In vivo biodistribution and biosafety of GPPCT
To understand the biological distribution of GPPCT and GmPCT in vivo, the contents of copper in heart, liver, spleen, lung, kidney and tumors at different time intervals were determined by ICP-OES (Fig. 8a, b, c). For both targeted and non-targeted nanoplatforms, the Cu content in liver, lung and tumor increased significantly after intravenous injection, and peaked at 2 h. Then the Cu concentration in all major organs decreased to normal level after 72 h by metabolization, indicating that the injected nanoplatforms were almost completely cleared from the body within 3 days. More importantly, the Cu content in tumor tissue of targeted GPPCT group was significantly higher than GmPCT group within 8 h after injection (p<0.01). This result indicated that GPPCT nanoplatforms could effectively accumulate at tumor sites by the specific recognition of PBA to sialic acid resides overexpressed on 4T1 cancer cells, and be safely excreted from the body.
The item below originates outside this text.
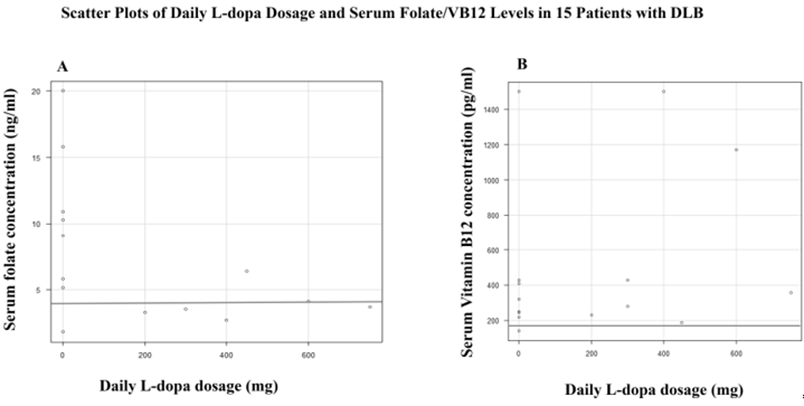 Figure. 2 illustrates these relationships, showing scatter plots of daily L-DOPA dosage and serum folate (A) and B12 (B) concentrations.

In addition, the biotoxicity of nanoplatforms for major organs after different treatments were evaluated by H&E staining assays in Fig. 8d. To our relief, no apparent inflammation or cell necrosis and apoptosis were observed in heart, liver, spleen, and kidney, indicating the excellent biocompatible of GPPCT nanoplatforms and no extra damage to normal organs after treatment. Finally, the routine blood and blood biochemical analysis were performed after GPPCT treatment. No obvious abnormality was observed in Additional file 1: Fig. S13, suggesting the good compatibility of GPPCT, and the proper liver and kidney function after GPPCT treatment. In conclusion, GPPCT nanoplatforms could be specifically accumulated at tumor overexpressing sialic acid residues, and be metabolized without significant damage to normal organs, which is of great importance for in vivo biomedical applications.